54 How. Pr. 245 | N.Y. Sup. Ct. | 1877
This case differs from Maximilian agt. The Mayor (62 N. Y., p. 160) and Tone agt. The Mayor (MS.), in several important particulars.
First. The commissioner of public works is one of the executive officers of the city (Laws of 1873, chap. 335, sec. 19). He is appointed by the mayor with the consent of the board of aldermen, and is removable by the mayor, for cause, subject to the approval of the governor (sec. 25).
He contracts in the name and for the benefit of the city and (sec. 91) such contracts are to be regulated by the ordinances of the common council.
He has no independent treasurer on whose requisition and to whom, as in the ease of the police board, the comptroller pays in solidi the sums required for the department.
While in some special matters independent, he is mainly subject to the control of the municipality, and is, so to speak, one of its executive servants.
By the charter the common council is vested with power “to prevent encroachments upon, and obstructions to, the streets, highways, roads and public places, not including parks; and to authorize and require the commissioner of public works to remove the same.” Also, “to regulate the opening of street surfaces, the laying of gas and water mains, the building and repairing of sewers, and the erecting of gas lights.” Also, “ to provide for and regulate street pavements, crosswalks, curb-stones, gutter-stones, sidewalks and the grading of streets.” Also, “ to make ordinances in relation to the construction, repair and use of vaults, cisterns, areas, hydrants, pumps and sewers.”
It is further expressly provided, that the common council shall have power, “ by resolution, to require the commissioner of public works to do any work or take any action proper, for carrying into effect the powers of the common council.”
The duties of the commissioner of public works are harmoniously fitted to the due execution of these legislative powers, so that there is no incongruity in the scheme.

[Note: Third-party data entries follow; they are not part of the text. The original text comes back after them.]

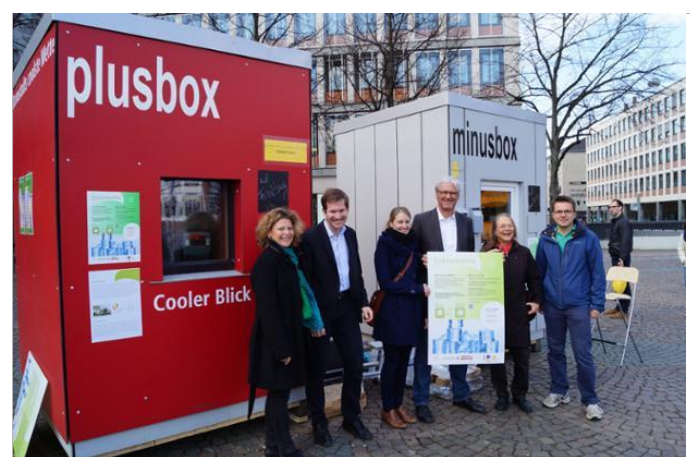
Group photo with the Mayor of Darmstadt Jochen Partsch in front of the "mini-house" for the ice block competition.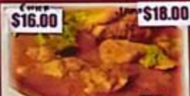
Curry Masala (Chick/Lamb/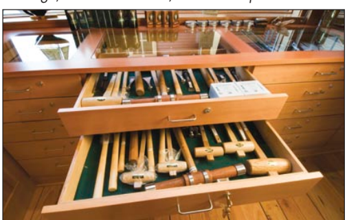
.hammers, and chisels and mallets, oh my!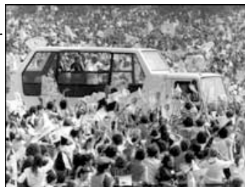
Crowds surround the 'Popemobile' in Glasgow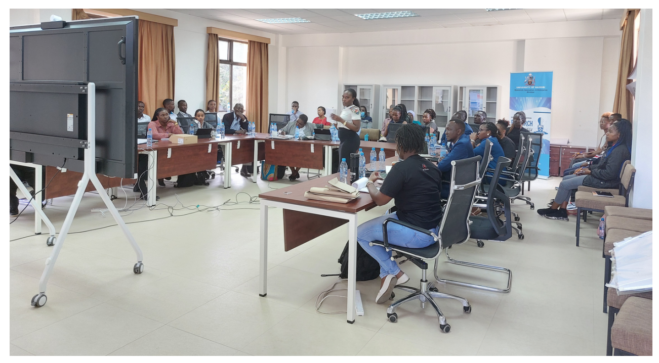
Hybrid session during the AAK/UN-Habitat Urban Thinkers Campus 7.0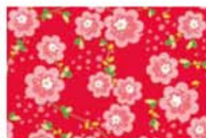
20685-R 3/4 yard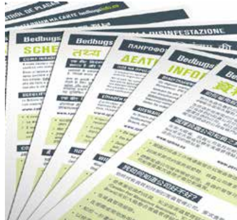
◆ 2 Client : Government of Ontario Media : 11 Information sheets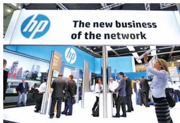
A visitor takes a photo with a tablet in front of a Hewlett-Packard (HP) stand at the Mobile World Congress in Barcelona, on 27 Feb, 2014.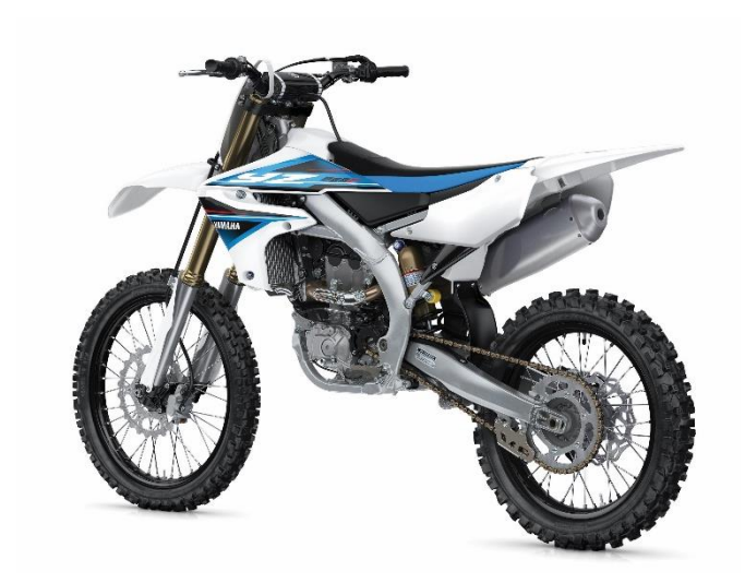
New YZ250F comes in Team Yamaha Blue and White (top) and Competition White (above) priced at just $11,399 RRP inc GST

All new YZ250F features smartphone tuning, electric start and an all new engine and frame package designed to maintain MX2 class dominance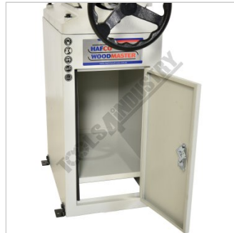
Large storage cabinet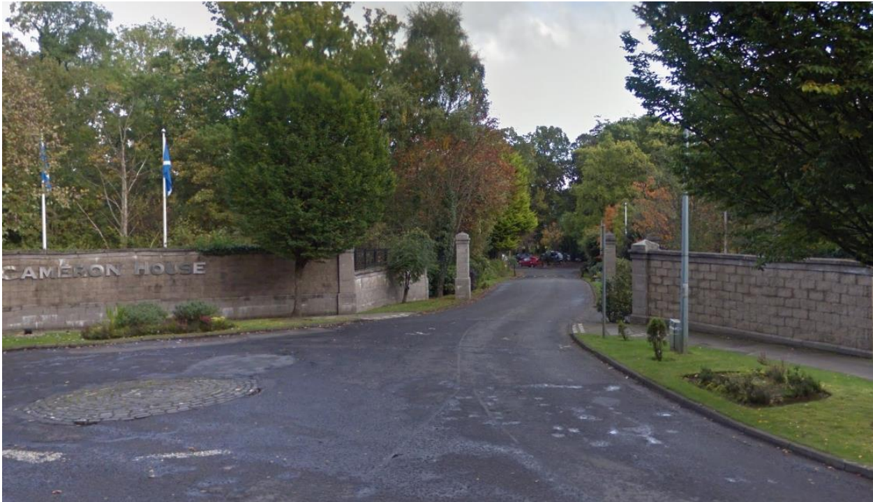
Plate 7: Photo of existing Main Access to Cameron House Hotel resort

3.6 The internal access road included in the application site routes from the South Access through the resort. The access road has a mixed surface, being predominantly tarmac but with sections of an un-finished stone surface. The access road is partially lighted with street lighting.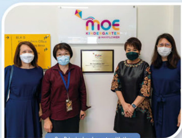
Our Principal and guests with the MK @ Mayflower Plaque

During the first week at our upgraded campus, our students penned their thoughts onto "Gratitude Jar" cards. They expressed words of gratitude and encouragement as well as their hopes and dreams for the future, and these "Gratitude Jar" cards were displayed in all the classrooms. We look forward to continuing our journey together at our new campus, daily creating exciting new stories together, and always with an attitude of gratitude.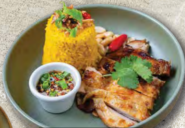
BBQ CHICKEN WITH RICE 19.9

Grilled wagyu beef serve with rice, and tamarind sauce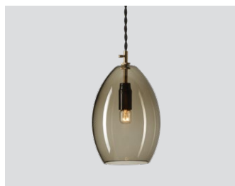
Unika large grey – Item no. 536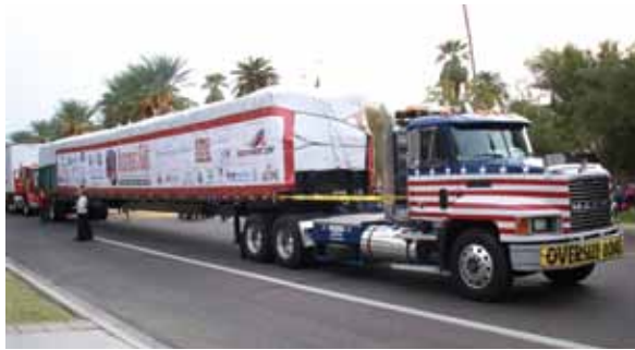
Transporting the National Christmas Tree from Arizona to Washington DC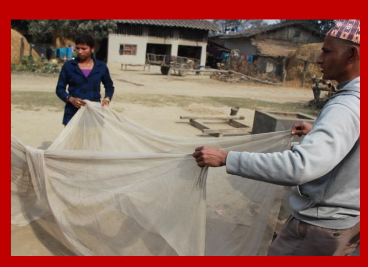
Local showing the condition of LLIN during the visit at Kanchanpur distict.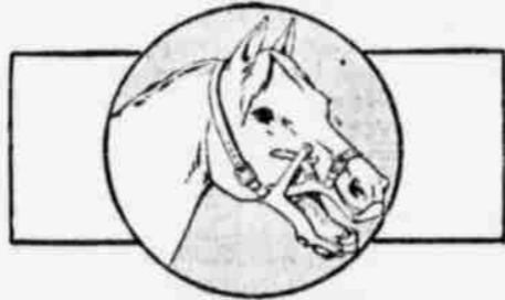
Holding Horse's Mouth Open.

Two pairs of pivoted jaws are equipped with teeth plates to cover the teeth of a horse. One of the jaws terminates in a set of fixed teeth, which may become engaged with a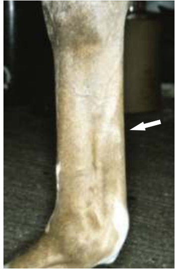
Figure 38. The arrow highlights the site where a standing deep digital flexor tenotomy was performed on this mare 12 months previously.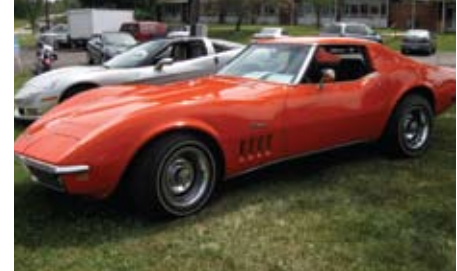
Race day excitement came in the form of remote control cars at the annual TVN-Boys' Village Campus Corvette Show. Corvette owners sponsored their favorite car and driver in the friendly competition. The cars were raced by the youth in Boys' Village residential program.

More than 150 Corvettes converged at The Village Network –Boys' Village Campus Sunday, Aug. 24th for the 10th annual Mid-Ohio Corvette Club Show. When the day's activities were over, $6,416 was raised for the Wooster Recreational Therapy program.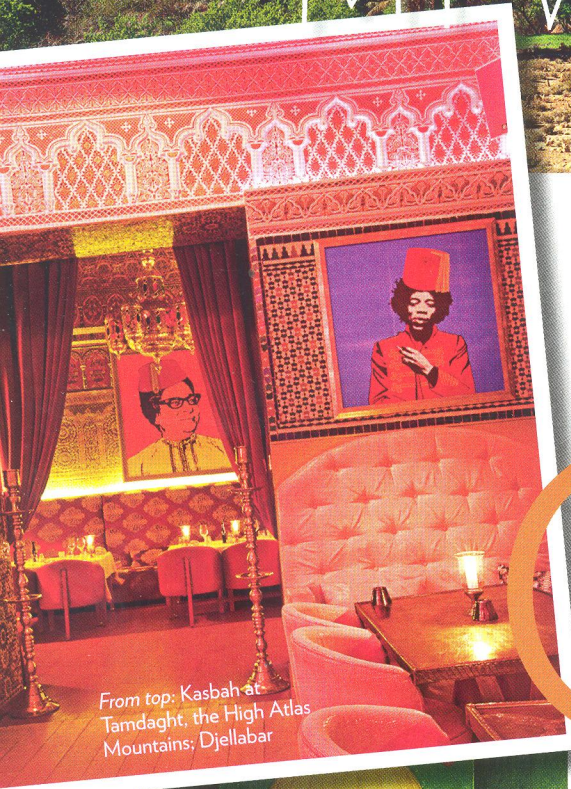
From top: Kasbah at Tamdaght, the High Atlas Mountains; Djellabar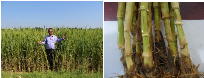
Fig. 1. BR10230-15-27-7B having tallness, strong stems and lodging tolerance

However, adaptability tests of the line BR10230-15-27-7B under multi-location trials in the farmers' field showed satisfactory performance in terms of grain yield in three consecutive seasons. Finally, after proper evaluation the NSB team recommended BR10230-15-27-7B as a superior genotype in respect to semi deep water tolerance for release as BRRRI dhan91 in 2019. Furthermore, BRRRI dhan91 could be used as a breeding material for its tallness with strong stem, submergence tolerance and moderate level of stem elongation ability.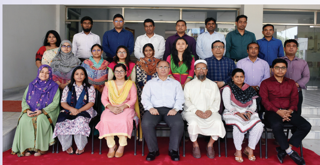
Participants of Mission Audit Training Course with Director General

Two Mission Audit Training Courses under the name of 'Mission Audit Training Course: Biman Bangladesh Airlines' and 'Mission Audit training Course (Bank Branches/Exchange Houses Abroad of State Owned Bank)' were organized by FIMA for OCAG officials from 12-15, 19 May, 2019 and 26 - 30 May, 2019 respectively. FIMA regularly organizes these training courses which enable the participants to have better understanding about the would-be findings during mission audit.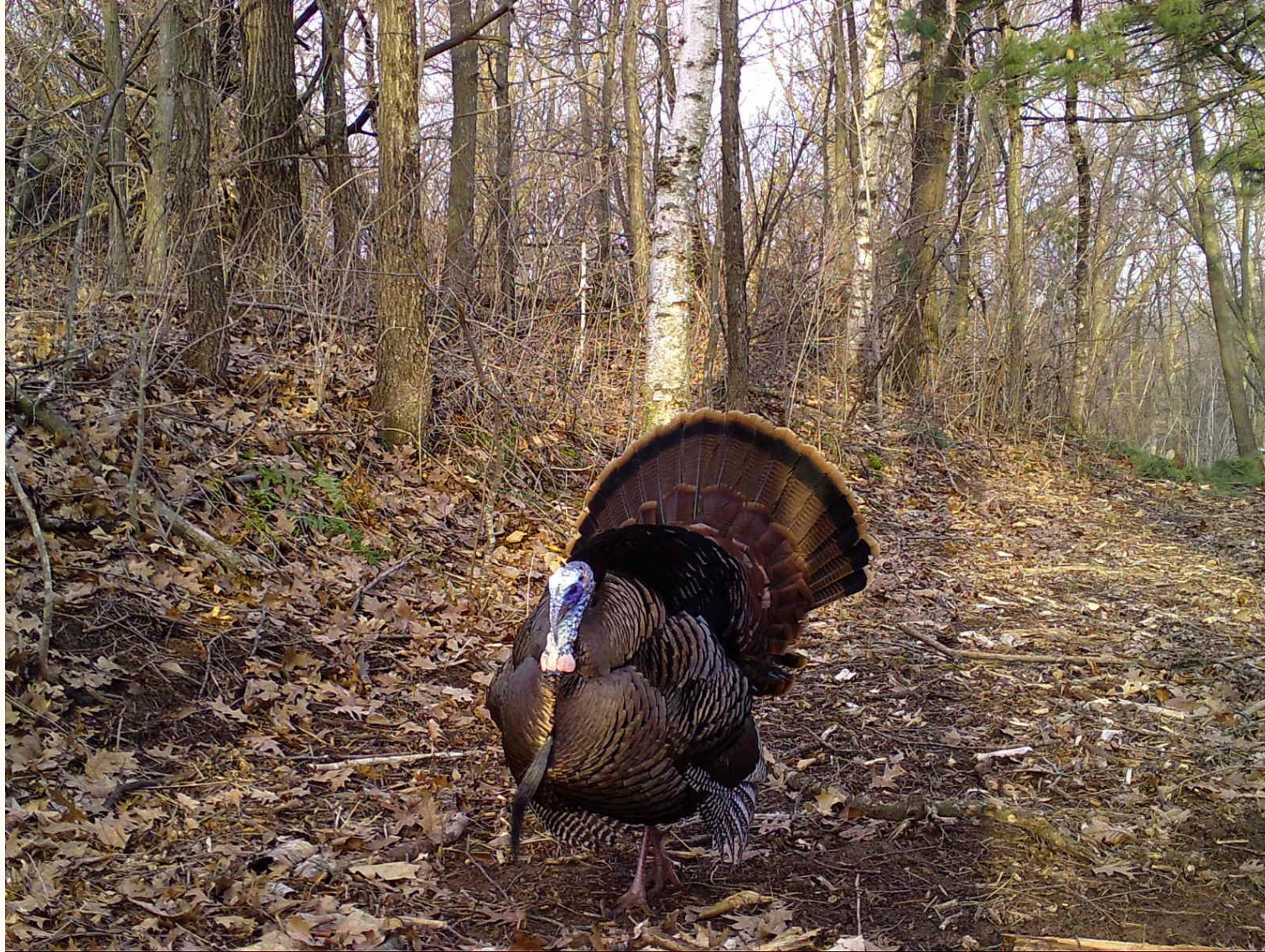
Wild turkey Meleagris gallopavo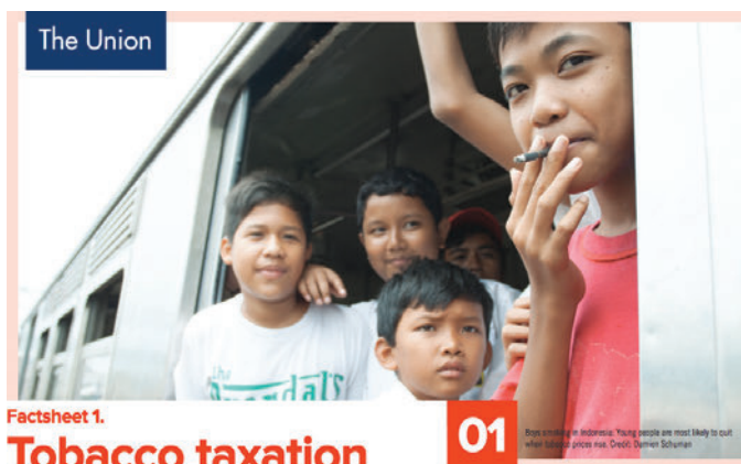
FIG 3. Cover of the International Union against Tuberculosis and Lung Disease's Factsheet on Tobacco Taxation, with the caption "Young people are most likely to quit when prices rise."

that the shift from mass public information campaigns to sin taxes that marked the field of international tobacco control in the late 1990s was not a shift from the social to the individual, but rather a change in the concept of the individual. It was a move away from an individual for whom knowledge always and automatically triggered certain actions to an individual who could decide not to act on knowledge and prioritize other elements such as money and pleasure instead. Last, the strong emphasis placed on individual choice in both Becker's attempts to reform economic thought and global health efforts to curb smoking should not be interpreted as the death of the social. Indeed, in echo of Collier's (2011) work on the post-Soviet social, the notion of the social or society has remained important for both projects, albeit in different forms. Thus, for Becker (1997:150), sin taxes are "social taxes" that can protect American "society" from the "social harms" associated with rational addictive behaviors, whereas for global health experts, sin taxes are public health "interventions" that can shield developing "societies" from the health effects and "socio-economic toll" of "21st-century lifestyles" (WHO 2010:vii, 37). ■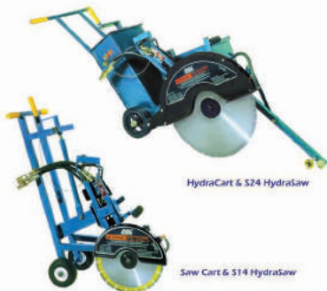
HydraCart &amp; S24 HydraSaw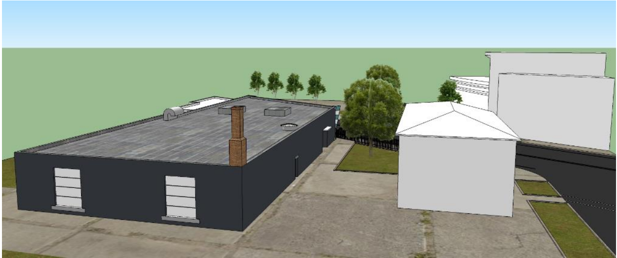
Left view of property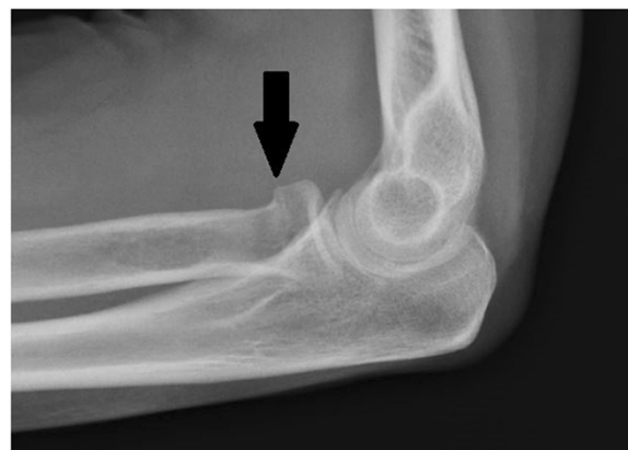
Figure 3 Lateral X-ray elbow view.

patient was referred to a general medical specialist for care. A clinical report and the radiologists report were forwarded to the referred physician. Verbal follow-up with the patient two-weeks later revealed that she had been referred to an orthopedic specialist by her primary care physician. The orthopedist elected not to cast the fracture due to small degree of displacement, lack of significant swelling, and range of motion within normal limits. She was restricted from performing any weight bearing exercise and was instructed to return in one month for follow-up X-ray to assess the healing of the fracture site. At four-weeks following the initial evaluation, a repeated radiographic examination demonstrated healing of the fracture site. At three month telephone follow-up the patient reported full use of her elbow with no pain in any ranges of motion.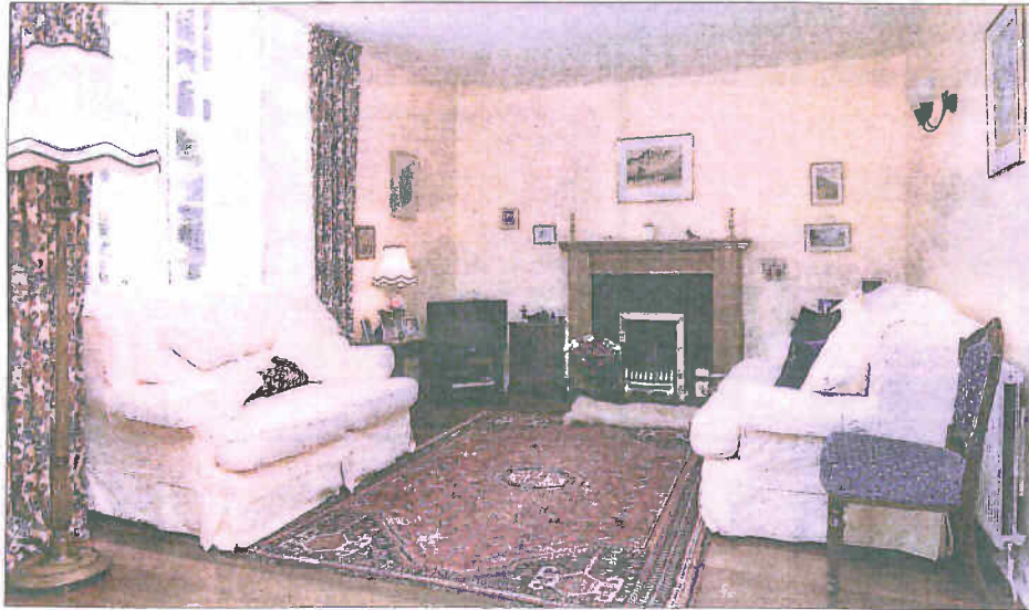
Clockwise from main: The rear garden; the hall, the kitchen; the living room

Here the word “ control ” must be read in the light of the context. It is.not an independent control, which is meant, but an exclusive agency under the control of the common council, exercised through its lawful ordinances. Agency, in case of a municipal corporation; does not depend upon the perfect efficiency of the control, but upon the legislative intent (See Barnes agt. District of Columbia, 3 Otto, 541; also Bailey agt. The Mayor, 3 Hill, 531, and 2 Denio, 433).
Second. The duties of the commissioner of public works are not of a governmental or political character. His functions are not such as are performed (to quote from judge Forger’s opinion in the Maximilian case) “ by public officers in the discharge of duties imposed upon them by the legislature for the public benefit.” The case of the streets is eminently a corporate matter; so as to the Croton water.' The entire apparatus by which the latter is provided and distributed 'is corporate property. Corporate revenue is derived therefrom. It is true, as president Gardiner said in Bailey agt. The Mayor; 'that “ no one can suppose that revenue to the city of Hew York formed the motive for this grant or for its acceptance.” nevertheless, in the collection of these revenues, the commissioner has but one principal — not the people of the state, not even the general public of the city, - but the corporation.
The same with regard to the case of the structures. It is equally true that in a certain sense the Croton water is a public work. It is, of course, for the benefit of the public. But so is all corporate undertaking. What we assert is, that it is
Third. Similar cases, with respect to dangerous streets and sidewalks, have for years been tried, without even the suggestion of a doubt by either court or counsel as to corporate liability. As far back as The Mayor agt. Furze (3 Hill, 612) such liability was maintained as to neglected sewers. Again, in 1851, in Lloyd agt. The Mayor (5 N. Y., 369). In this latter case the city «was evidently held responsible for the negligence of the Croton aqueduct department, which, at that time, had “ charge ” of “ the public sewers of the city.” See Mr. Stevens’ argument, on page 374, where he cites the act of 1849, sections 15 and 20. See, also, at page 370, judge Ingraham’s opinion in the court below, where he says that “ this principle has so often been recognized in this court as the law, and in many cases without objection on the part of the defendant, as scarcely to leave it an open question.”
This, too, is conceded in the Maximilian case (see page 170) as to streets, bridges, common ways of passage and sewers.
Even in the case at bar, the point was not raised at the first trial, nor at the general term. It is fair to conclude that it is an afterthought, suggested by the result of the Maximilian, Ham and Tone cases. It proceeds upon the latest theory, namely, that the city is entirely and absolutely irresponsible; that its corporate existence is a mere name; that the municipality is the shadow and the departments the substance. This is what it comes to. For if the doctrine of' respondeat superior does not apply in the present instance, let me ask to what possible phase of injury to person or property can it be made applicable, so as to hold the city ?
I cannot but think that there is a misapprehension as to the precise" point decided in the Maximilian and Tone cases, and that there is nothing there to prevent this action from proceeding to a consideration upon the merits.
The motion to dismiss the complaint is therefore denied.